Заметила, как сильно он вцепился в руль и переведя взгляд, увидела, что парень слишком внимательно смотрит на дорогу. Показалось, что в машине стало жарче и я приоткрыла окно. Лико невольно выдал насколько и эта тема для него сложна. Что с ним случилось в том мире?

— Я никогда в жизни не ходила на подобные мероприятия. И никогда не носила такие платья! С такими ценами! — мои брови поползли вверх, когда заметила ценник у длинного вечернего наряда с открытой спинкой. — Это точно не номер телефона?

Лико рассмеялся за спиной.

— А с Алхимиком ты никуда не ходила?

Платье выпало из рук обратно на вешалку. Сделав глубокий вдох/выдох, обернулась и лучезарно улыбнулась.

— Он предпочитал другие развлечения. Более… красные. Где требуется совершенно другая одежда. Более скользящая.

— Я обидел тебя. Прости.

— Ничего страшного. Я привыкла.

Лико подошёл очень близко и приподнял мой подбородок.

— Не позволяй другим залезть к тебе под кожу. Ты уже не с ним. И никогда к нему не вернёшься.

— Обещаешь?

— Да, Елена, я обещаю.

***

На выпускной мама достала своё свадебное платье и перешила его под мою фигуру. Убрала старомодные рюши, укоротила подол и передвинула косточки у корсета. А волосы, пожалуй, впервые, уложили в высокую причёску и сбоку прицепили невысокую вуаль, немного прикрывающую шрам. Тогда же с помощью толстого слоя тоналки попытались скрыть его, но это не увенчалось успехом, он выпирал как бугор, продолжая портить лицо. Одноклассницы шутили за спиной, называли безобразной невестой, но мне было всё равно. Я была красивой. По крайне мере утешала себя подобной мыслью.

Сейчас, глядя на платья, развешанные по краям просторной примерочной комнаты, понимаю, насколько простеньким был тот наряд. Провожу рукой по ним и вытягиваю тёмно-серое с глубоким, но целомудренным вырезом с широкой лентой, опоясывающей талию, с нисходящими вставками, похожими на лепестки цветов, доходящими до нижнего края линии бёдер, а после свободный крой с небольшими складками. Оно очень приятно на ощупь и не вызывающее. Я не должна привлекать излишнее внимание. Поэтому оно — то, что надо.

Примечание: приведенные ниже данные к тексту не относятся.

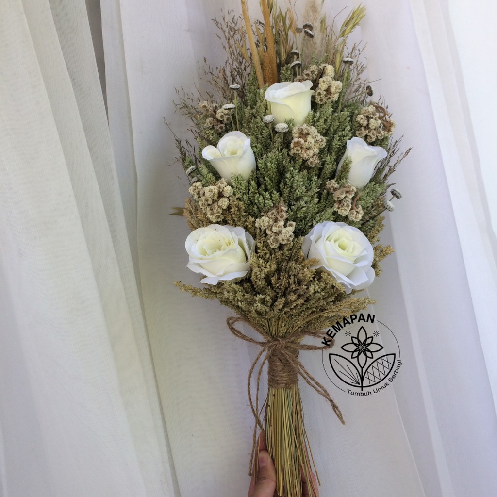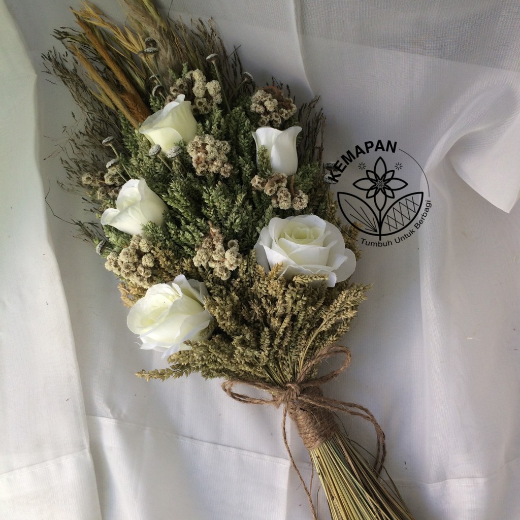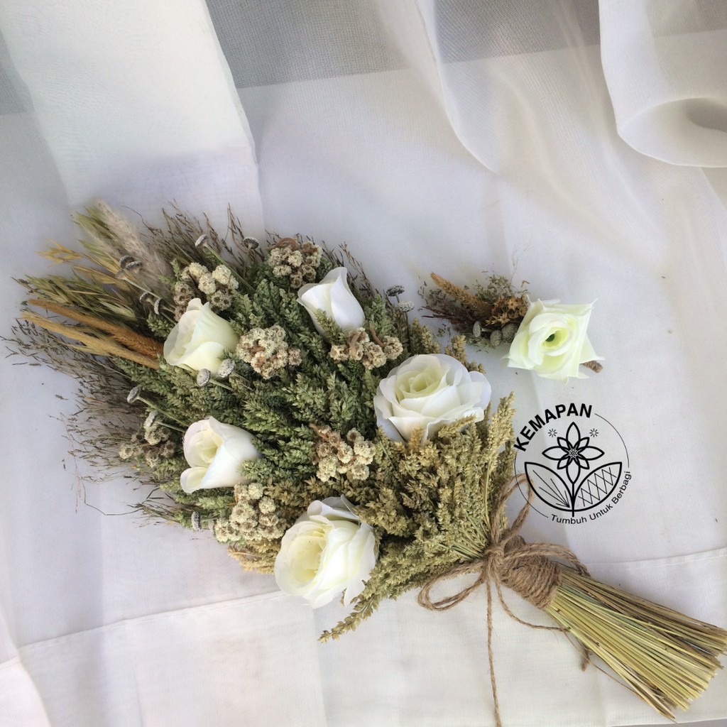 KEMAPAN Buket bunga kering mawar putih + corsage (bunga jas)

— Елена, у тебя всё в порядке?

Лико услышал мой тихий вздох, когда поняла, что застряла. Молния на спине не поднималась и не опускалась. Стоимость платья не позволяла действовать сильнее, поэтому, крутясь и вертясь, отчаянно пыталась сдвинуть её с места, даже покраснев от накатывающей волны отчаяния. Сдавшись, ответила ему:

— Мне нужна твоя помощь. Но! Ты должен закрыть глаза.

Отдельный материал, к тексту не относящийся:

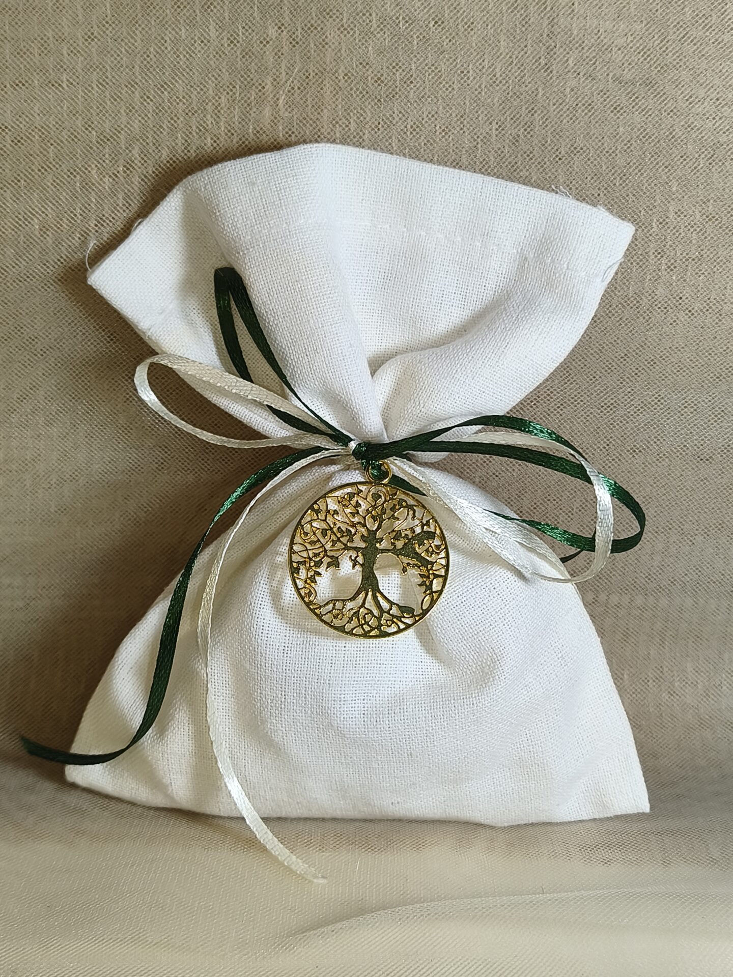 Mπομπονιερα Γαμου Πουγκι Λινο+Δεντρο Ζωης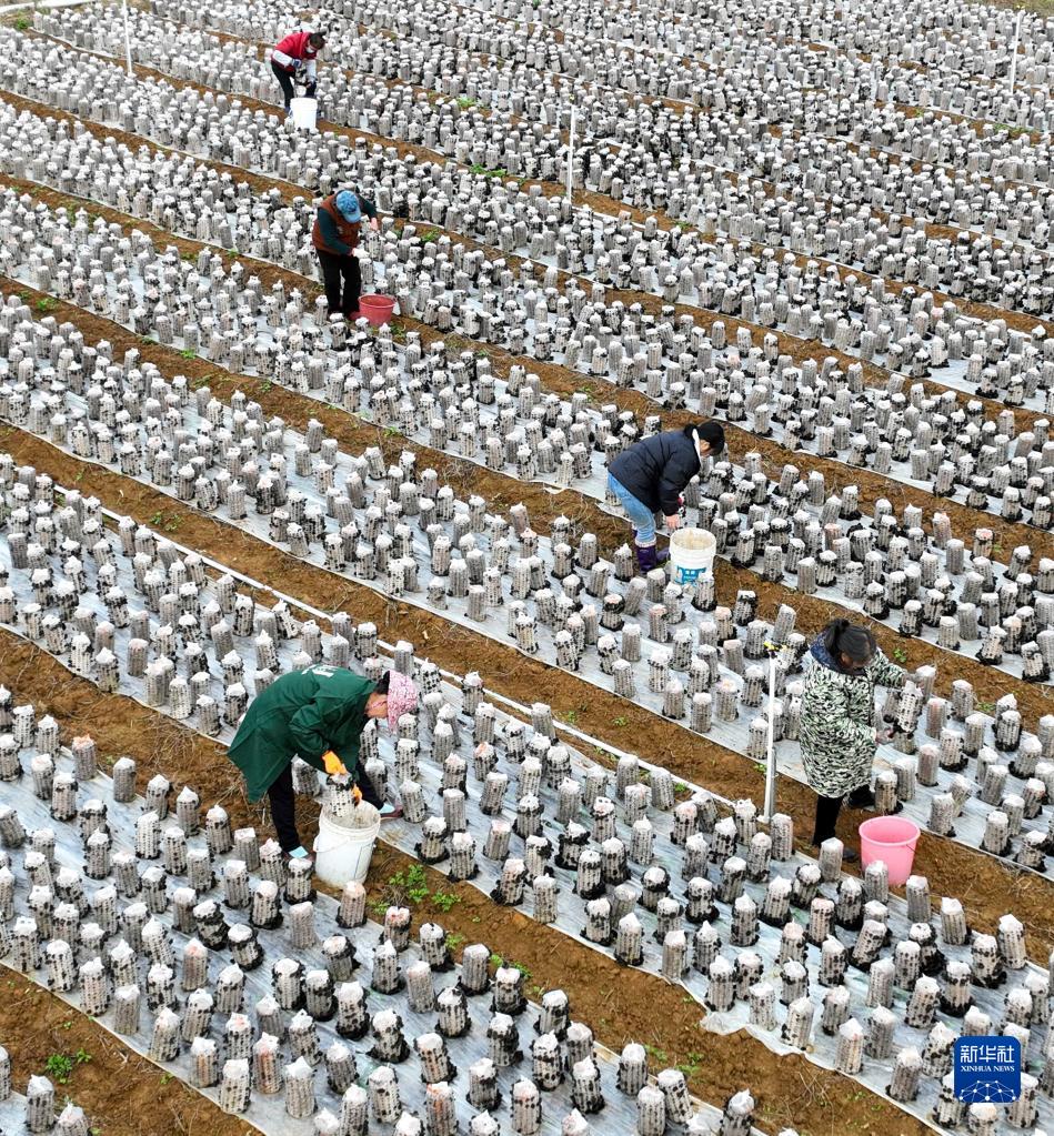 12月7日,在湖南省永州市道縣壽雁鎮黑木耳種植基地,村民在采摘黑木耳(無人機照片)。

— Что? — недоумённо переспросил он.

— Молния застряла слишком низко, поэтому… — я умолкла, а затем поймала своё отражение в зеркале и прыснула от неловкой ситуации.

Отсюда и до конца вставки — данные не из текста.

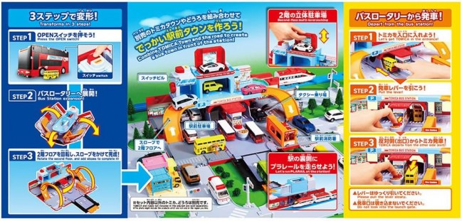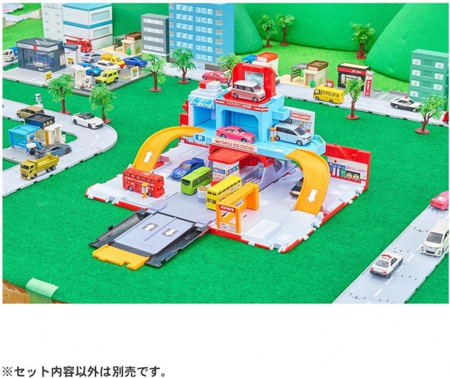Collection Toy (Passenger Car / Ready-to-Play) Vehicle Town Series New Release! An all-in-one set featuring a die-cast Tomica that lets you enjoy both hand-rolling play with the big vehicle and transforming town play! This single product lets you start playing right away! Expand your play! A great value set! 1: Big Vehicle Hand-Rolling Play Cool proportions, like a Tomica made larger! Unprecedented realistic details! You'll want to roll it by hand and line it up with your Tomica! Holds over 10 Tomica cars in vehicle mode! Perfect for taking your favorite Tomica on outings! 2: Transformable Town Play - Educational Elements! Easily transform it into Tomica Town with your own hands! Cool vehicles quickly turn into cool buildings! Buildings and parking lots appear as Tomica Town! Makes you want to play with Tomica! Packed with fun Tomica play: hand-rolling, departure play, rooftop elevators, and more! Plus, it connects to Tomica roads! Play together with other Tomica World and Tomica Town products! 3: Includes die-cast Tomica vehicles! Play with 2 vehicles! This one product lets you start playing right away! Expands play possibilities! Great value set! Perfect for first big vehicles! Even Tomica beginners can enjoy playing. Transforms into a town for complex play, growing with your child for long-lasting fun! Contents Main Unit (1), 2nd Floor Panel (1), Central Building (1), Car Elevator (1), Switch Building (1), Back Panel (L) (1), Back Panel (R) (1), 2nd Floor Panel (1), Ramp (L) (1), Ramp (R) (1), Sidewalk (1), Mini Road (1), Fire Station Panel (1), Fire Station Wall (1), Bus Stop Signs (2), Special Tomica (1), Sticker (1), Instruction Manual (1) (C) TOMY (From the Takara Tomy website)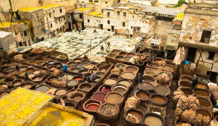 Fes là thành phố sở hữu những xưởng nhuộm da lâu đời nhất trên thế giới. Tại đây, người ta vẫn còn sử dụng những phương pháp nhuộm màu có từ thời Trung Cổ nên da thuộc mua ở khu chợ quanh khu vực này được làm hoàn toàn thủ công. Tuy vậy, mùi từ các khu xưởng nhuộm này lại khá nồng nên trước khi vào tham quan, du khách thường được cho lá bạc hà để chà lên mũi để không cảm thấy khó chịu khi tham quan.

Шторка отодвинулась, но Лико не закрыл глаза.

— Это всего лишь кожа.

И от того, как он это сказал, по телу пробежались мурашки. Повернувшись спиной, ловлю его взгляд в отражении. Мы пристально смотрим друг на друга, и тишина становится тяжелее с каждым шагом. Он касается талии, а затем подтягивает края ткани друг к другу и медленно поднимает язычок молнии вверх, спокойно и неторопливо. И почему-то возникает чувство, что меня раздевают. Его дыхание, тепло его тела, тяжёлый взгляд и этот звук соединяющихся звеньев. Когда он остановился, молча сделала несколько шагов вперёд, затем повернулась к нему лицом.

Лико неторопливо обошёл взглядом мою фигуру и вновь посмотрел глаза в глаза. Как будто разрезали воздух и он перестал давить на грудную клетку — Лико одним шагом преодолел пространство между нами и прислонил меня к зеркалу. Перехватив запястья, плавно поднял их надо мной, удержав в кулаке, чтобы другой рукой вновь провести линию талии, поднимаясь выше, касаясь груди. Услышав прерывистое дыхание, резко наклонился вперёд, забирая воздух и целуя точно также, как и в моих снах. Я выгибаюсь вперёд, осторожно высвобождая руки, чтобы приподнять платье, и теперь он целует в шею, медленно спускаясь всё ниже и ниже.